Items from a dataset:
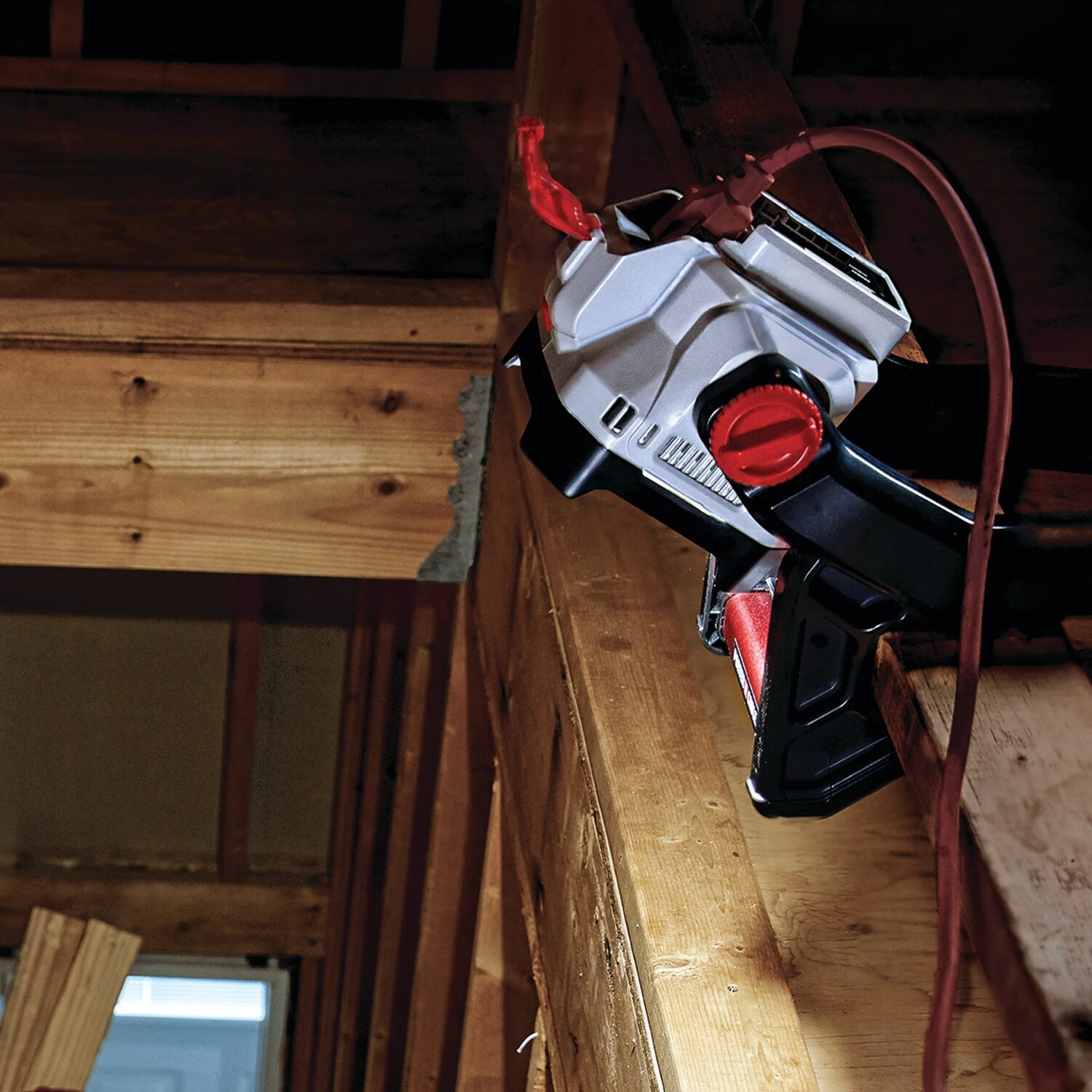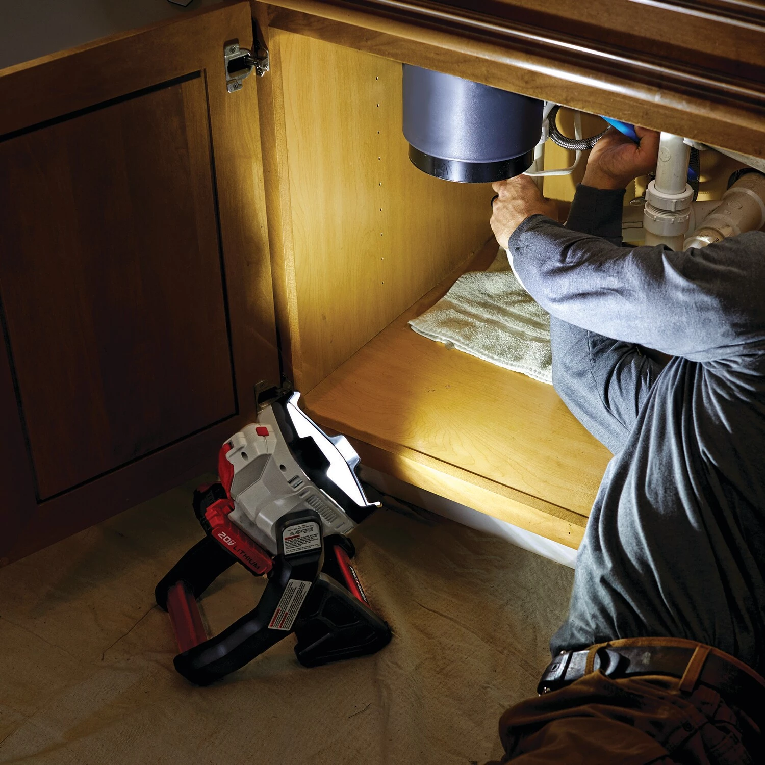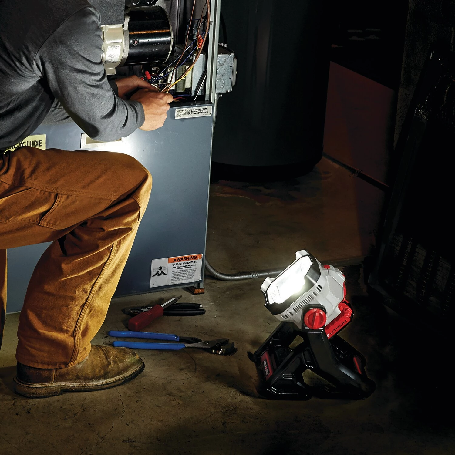 The PORTER-CABLE® 20 V MAX corded/cordless LED task light is your portable, versatile solution for lighting your work. Efficient LEDs provide up to 1900 lm of natural white light without the heat of halogen bulbs. It’s compatible with all PORTER-CABLE 20 V MAX battery packs for convenient, cordless operation. Use an extension cord with the AC input for corded use. Durable construction and long-lasting LEDs keep your light shining from job to job. Point the light where you need it with the 360Β° tilting head. Use it freestanding, mounted onto a tripod, wall-mounted, attached to a 2 x 4, or cable-hung. Two brightness levels let you choose the right amount of light for the conditions and the runtime you need.
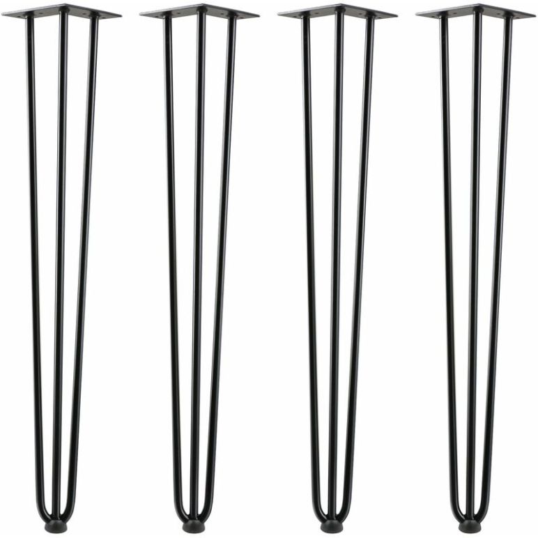 Zelsius 4er Set Tischbeine aus Stahl, Schwarz, (H) 71 cm, 3 Streben, Haarnadelbeine, Möbelbeine
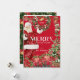 This classic Christmas holiday card features Santa Claus, a wreath, stocking, assorted presents with a red bow/ribbon, poinsettias and hollies. The reverse side features your photo on a green background with golden bells and hollies. Personalise it for your needs. You can find matching products at my store.
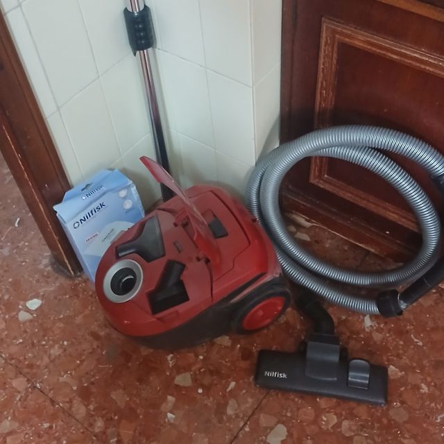 Detalles del productoAspirador Nilfisk de color rojo, con manguera y cepillo.
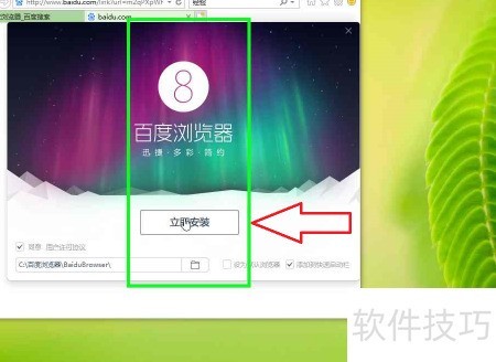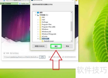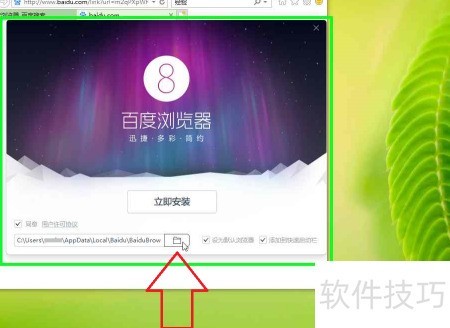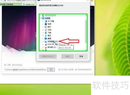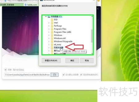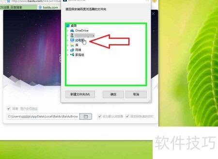 12、 在百度浏览器(树项目)的选择安装目录处点击左键,将软件安装到中文命名的文件夹中,便于日后查找和管理。
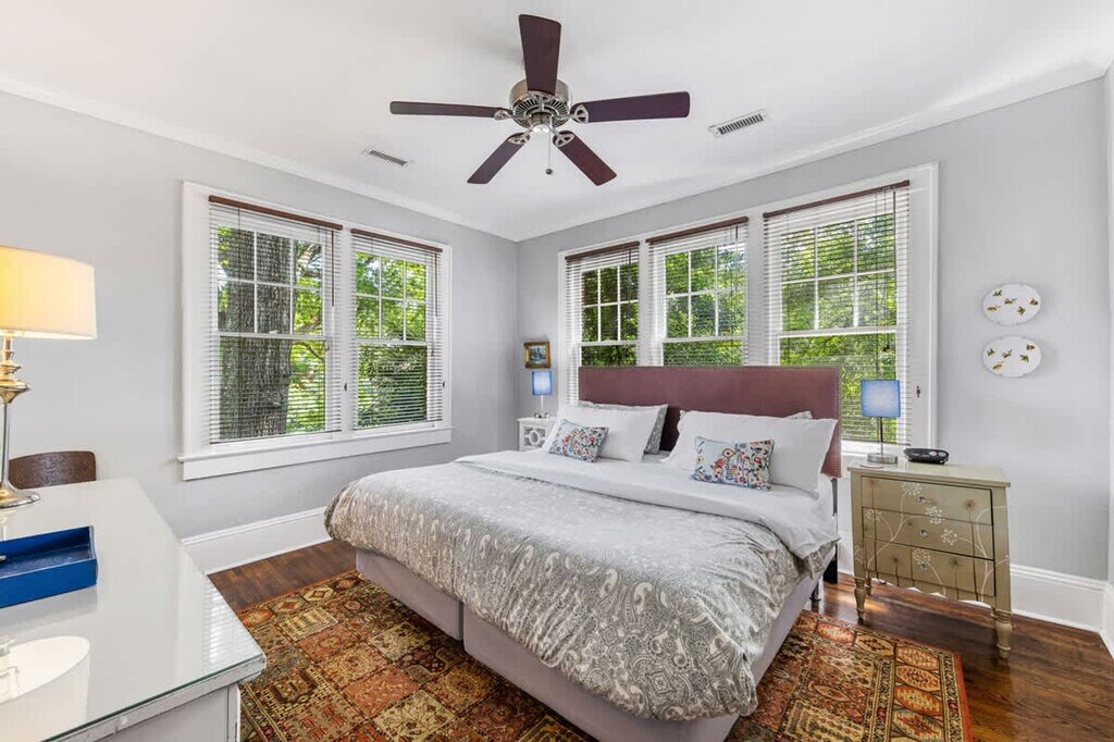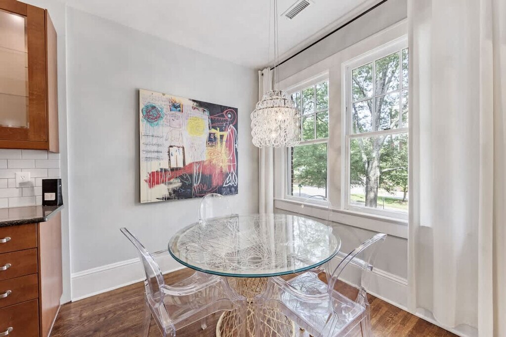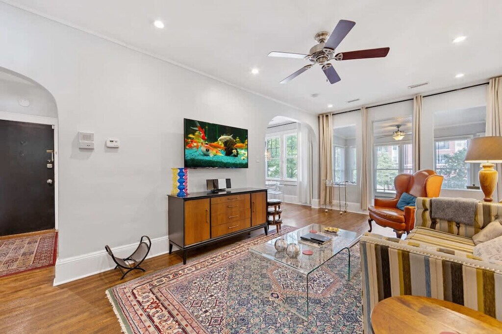 Feel at home in this Myers Park condo on the second floor of a historic 1920's building on prestigious Queens Road, offering convenient access to the Myers Park Mile, Novant Hospital, and Atrium CMC. This 2-bedroom condo has a cozy sunroom overlooking cultivated gardens and tall oaks. This condo is furnished with modern amenities including ultra-fast Wi-Fi and Hulu + Live TV. A sun porch and fully equipped kitchen create ample space to prepare meals. Large windows let light stream in. The kitchen features a gourmet gas range, a convection oven, a refrigerator with an ice maker, a dishwasher, and a stackable washer and dryer. Granite countertops complete the kitchen, which comes fully equipped with essentials such as measuring cups, spoons, mixing bowls, roasting pans, and a garlic press. The adjacent dining room comfortably seats four with all the place settings. The spacious living room features a large, upholstered sofa that pulls out into an additional bed, and a flatscreen television with streaming and Live TV. The inviting fireplace is heavenly in the cooler seasons. Enjoy the artwork by local artist Nico Amortegui. The main bedroom has a king-size bed with a television and a generous closet. The second bedroom has two twin beds and a flatscreen television. The twin beds can be pushed together to create one king-size bed. The bathroom is spotless and features plush towels. Included in the amenity package are a starter supply of bath products as well as detergents. The building has a shared patio that includes a grill, tables, and chairs. On-site parking is available. If you are traveling with a dog, it must be registered at a cost of $59 per dog (two maximum). A workstation with monitor, keyboard, and mouse is available for rent for $10.00 per day. Single beds can be joined into a king-size bed for a one-time $50 fee. A pack n’ play and/or highchair can be requested for use with at least a 24-hour advance notice. Located in historic Myers Park, Queens Road is the heart of Charlotte’s premier neighborhood replete with wide sidewalks and towering oaks throughout the neighborhood. This incredibly safe community provides an ideal place for walking or jogging, and is just a short stroll from multiple coffee shops and restaurants. Within a half mile walking distance are more than 40 locally owned restaurants (Thai, Italian, French, and Mexican), as well as Starbucks, Panera, and Old Pancake House. Charlotte’s renowned greenway is less than a half mile away. From there, you can bike, run, or walk along the 30 miles of trails. It is also very close to Freedom Park, Dilworth, Plaza-Midwood, the Atrium Medical Center (Levine Children’s Hospital and Levine Cancer Institute) and the Novant Hospital complex. Dogs are never allowed on the furniture or bed. If there is hair on the furniture, excess hair in the home, stains, damage, or waste found in the yard or home, you will be charged an additional fee. Parties, unruly behavior, loud music, disrespectful or unlawful activities are prohibited and violations will warrant forfeit of the entire reservation and may incur additional fees. Smoking any substance is strictly prohibited on the premises and may result in a $500 penalty. Quiet hours are from 10:00 pm to 7:00 am. A desk and ultra-fast Wi-Fi enable business travelers to stay plugged into their busy schedules. [SI]

Exercise details> Once the pictures are removed, return the entries exactly as they stand.

Answer space>
 The PORTER-CABLE® 20 V MAX corded/cordless LED task light is your portable, versatile solution for lighting your work. Efficient LEDs provide up to 1900 lm of natural white light without the heat of halogen bulbs. It’s compatible with all PORTER-CABLE 20 V MAX battery packs for convenient, cordless operation. Use an extension cord with the AC input for corded use. Durable construction and long-lasting LEDs keep your light shining from job to job. Point the light where you need it with the 360Β° tilting head. Use it freestanding, mounted onto a tripod, wall-mounted, attached to a 2 x 4, or cable-hung. Two brightness levels let you choose the right amount of light for the conditions and the runtime you need.
 Zelsius 4er Set Tischbeine aus Stahl, Schwarz, (H) 71 cm, 3 Streben, Haarnadelbeine, Möbelbeine
 This classic Christmas holiday card features Santa Claus, a wreath, stocking, assorted presents with a red bow/ribbon, poinsettias and hollies. The reverse side features your photo on a green background with golden bells and hollies. Personalise it for your needs. You can find matching products at my store.
 Detalles del productoAspirador Nilfisk de color rojo, con manguera y cepillo.
 12、 在百度浏览器(树项目)的选择安装目录处点击左键,将软件安装到中文命名的文件夹中,便于日后查找和管理。
 Feel at home in this Myers Park condo on the second floor of a historic 1920's building on prestigious Queens Road, offering convenient access to the Myers Park Mile, Novant Hospital, and Atrium CMC. This 2-bedroom condo has a cozy sunroom overlooking cultivated gardens and tall oaks. This condo is furnished with modern amenities including ultra-fast Wi-Fi and Hulu + Live TV. A sun porch and fully equipped kitchen create ample space to prepare meals. Large windows let light stream in. The kitchen features a gourmet gas range, a convection oven, a refrigerator with an ice maker, a dishwasher, and a stackable washer and dryer. Granite countertops complete the kitchen, which comes fully equipped with essentials such as measuring cups, spoons, mixing bowls, roasting pans, and a garlic press. The adjacent dining room comfortably seats four with all the place settings. The spacious living room features a large, upholstered sofa that pulls out into an additional bed, and a flatscreen television with streaming and Live TV. The inviting fireplace is heavenly in the cooler seasons. Enjoy the artwork by local artist Nico Amortegui. The main bedroom has a king-size bed with a television and a generous closet. The second bedroom has two twin beds and a flatscreen television. The twin beds can be pushed together to create one king-size bed. The bathroom is spotless and features plush towels. Included in the amenity package are a starter supply of bath products as well as detergents. The building has a shared patio that includes a grill, tables, and chairs. On-site parking is available. If you are traveling with a dog, it must be registered at a cost of $59 per dog (two maximum). A workstation with monitor, keyboard, and mouse is available for rent for $10.00 per day. Single beds can be joined into a king-size bed for a one-time $50 fee. A pack n’ play and/or highchair can be requested for use with at least a 24-hour advance notice. Located in historic Myers Park, Queens Road is the heart of Charlotte’s premier neighborhood replete with wide sidewalks and towering oaks throughout the neighborhood. This incredibly safe community provides an ideal place for walking or jogging, and is just a short stroll from multiple coffee shops and restaurants. Within a half mile walking distance are more than 40 locally owned restaurants (Thai, Italian, French, and Mexican), as well as Starbucks, Panera, and Old Pancake House. Charlotte’s renowned greenway is less than a half mile away. From there, you can bike, run, or walk along the 30 miles of trails. It is also very close to Freedom Park, Dilworth, Plaza-Midwood, the Atrium Medical Center (Levine Children’s Hospital and Levine Cancer Institute) and the Novant Hospital complex. Dogs are never allowed on the furniture or bed. If there is hair on the furniture, excess hair in the home, stains, damage, or waste found in the yard or home, you will be charged an additional fee. Parties, unruly behavior, loud music, disrespectful or unlawful activities are prohibited and violations will warrant forfeit of the entire reservation and may incur additional fees. Smoking any substance is strictly prohibited on the premises and may result in a $500 penalty. Quiet hours are from 10:00 pm to 7:00 am. A desk and ultra-fast Wi-Fi enable business travelers to stay plugged into their busy schedules. [SI]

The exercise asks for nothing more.